L’oculométrie permet de réaliser des analyses synchroniques ou diachroniques en fonction des variables dépendantes que nous allons choisir d’utiliser. Dans des plans expérimentaux classiques en psychologie, les analyses synchroniques permettent à l’aide des durées de fixation ou de l’amplitude des saccades de réaliser des analyses de variances pour comprendre l’effet de différentes variables indépendantes.

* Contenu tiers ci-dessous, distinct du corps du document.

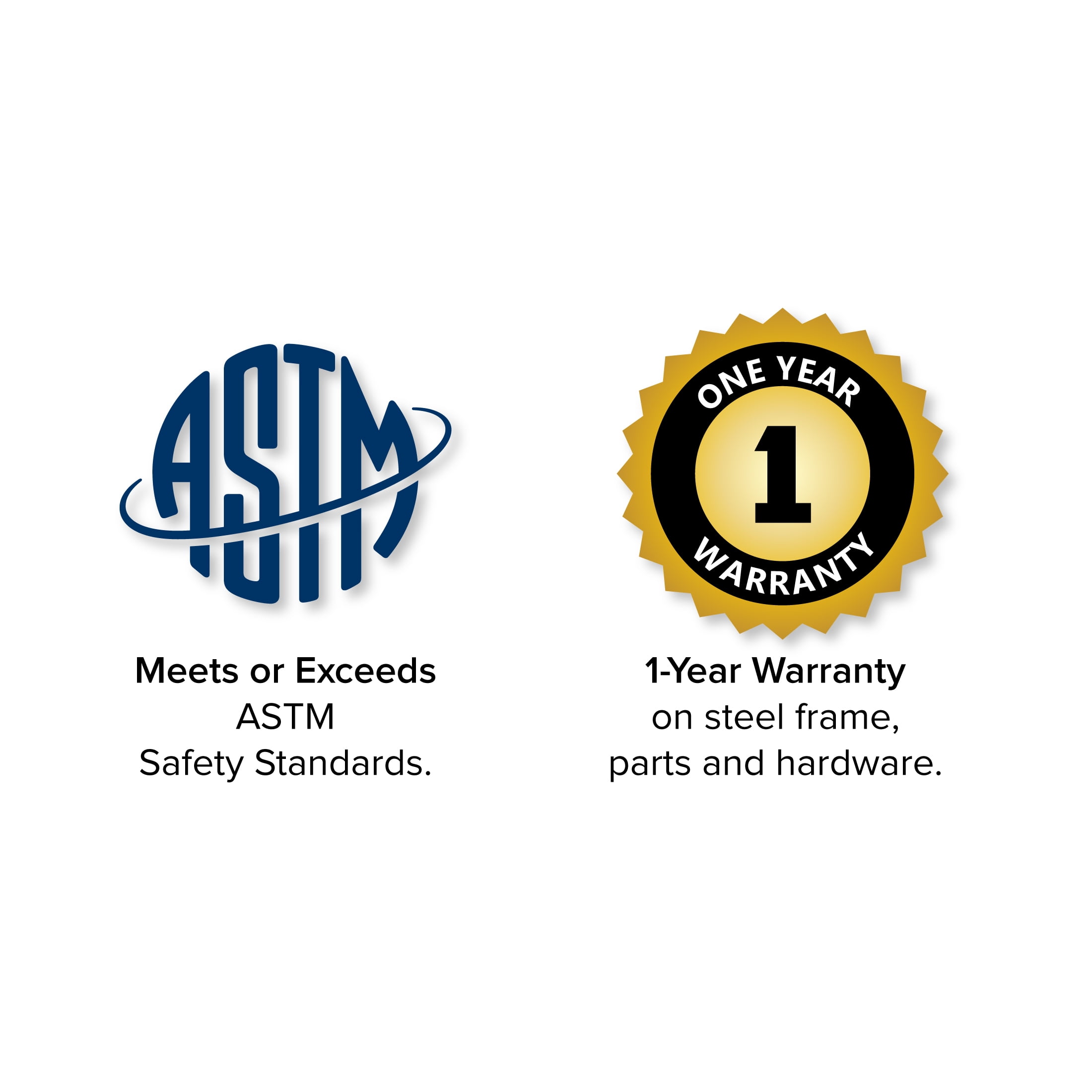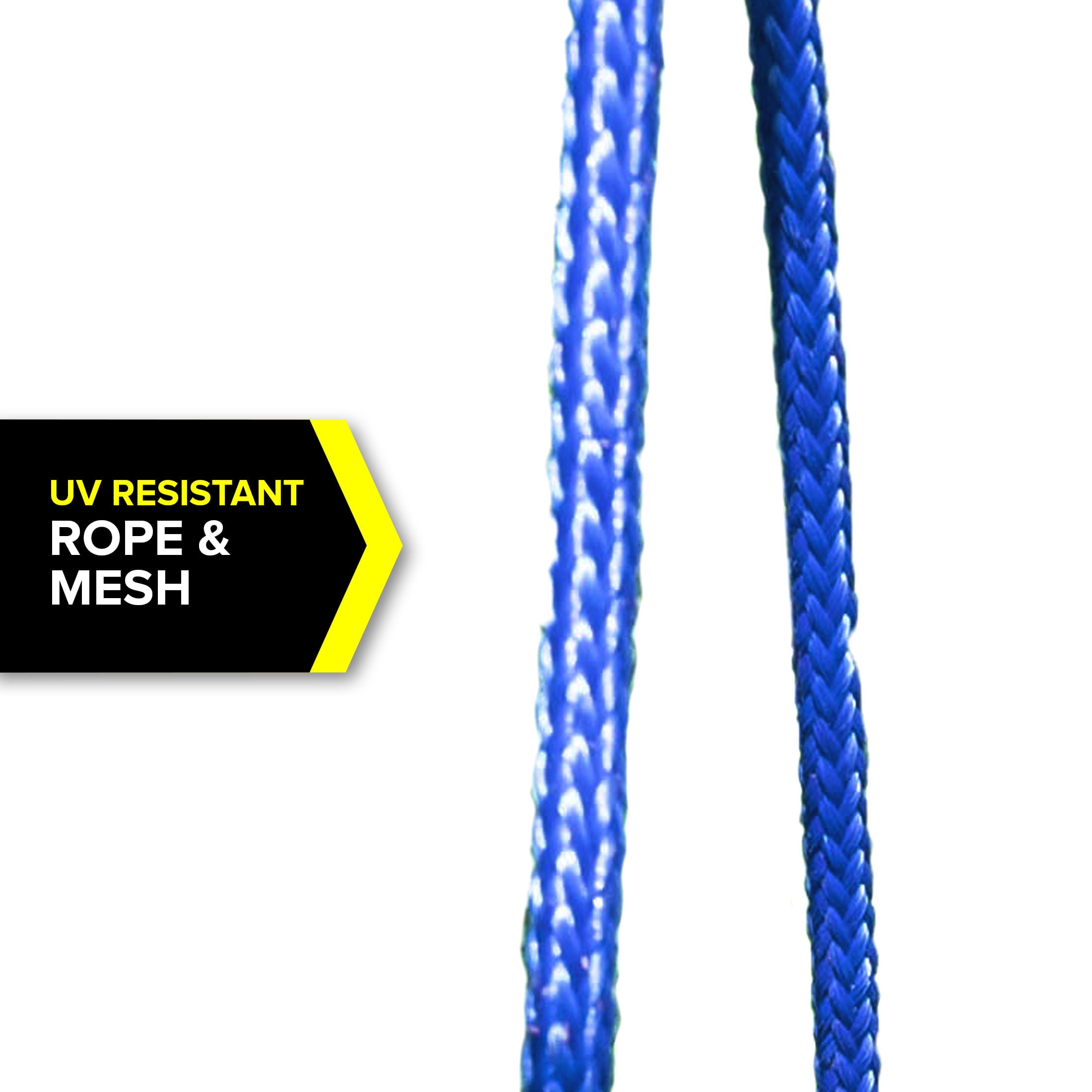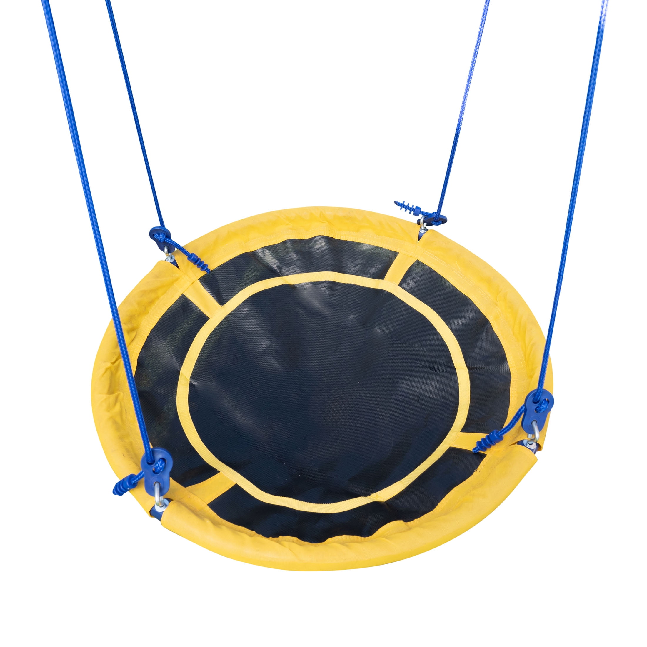Sturdy adjustable rope and carabiners included to secure saucer swing UV resistant rope and mesh Powder coated steel frame Reinforced inner netting for extra protection Includes 2 heavy-duty straps for hanging Meets or exceeds all ASTM safety standards

Les analyses diachroniques sont plus difficiles à mener. Elles consistent à analyser l’intégralité du parcours visuel et à le comparer entre différentes situations tests.

Les analyses des données oculométriques ont progressé à mesure du développement de cette technique, et sont aujourd’hui nombreuses et abouties en ce qui concerne l’analyse des parcours oculaires sur des images statiques. En revanche, dans le cadre de l’étude de la conduite automobile, comme des activités dynamiques en général, les images présentées au conducteur sont dépendantes à la fois de l’environnement de conduite, mais aussi de ses propres actions sur le véhicule via le volant et les pédales, ce qui rend ces techniques d’analyse peu pertinentes. Très récemment, nous avons réalisé un travail méthodologique afin de comparer différentes méthodes d’analyse à partir de données oculométriques collectées en situation dynamique de conduite automobile ; dans des conditions expérimentales différentes, il s’agissait d’étudier la localisation du point de regard durant les courbes. Les quatre méthodes ont été définies par rapport à l’analyse des positions du regard (1) dans un référentiel écran en deux dimensions, (2) selon des zones d’intérêts fixes définies dans ce même référentiel écran, (3) selon des zones d’intérêts dynamiques définies dans un référentiel relatif à la tâche de conduite et (4) dans un référentiel défini sur un point dynamique de la scène visuelle (Navarro et al., en révision).

Ces travaux ont été valorisés par la production de 3 articles (ACLS3, ACL8, ACTI5, voir Annexe 5)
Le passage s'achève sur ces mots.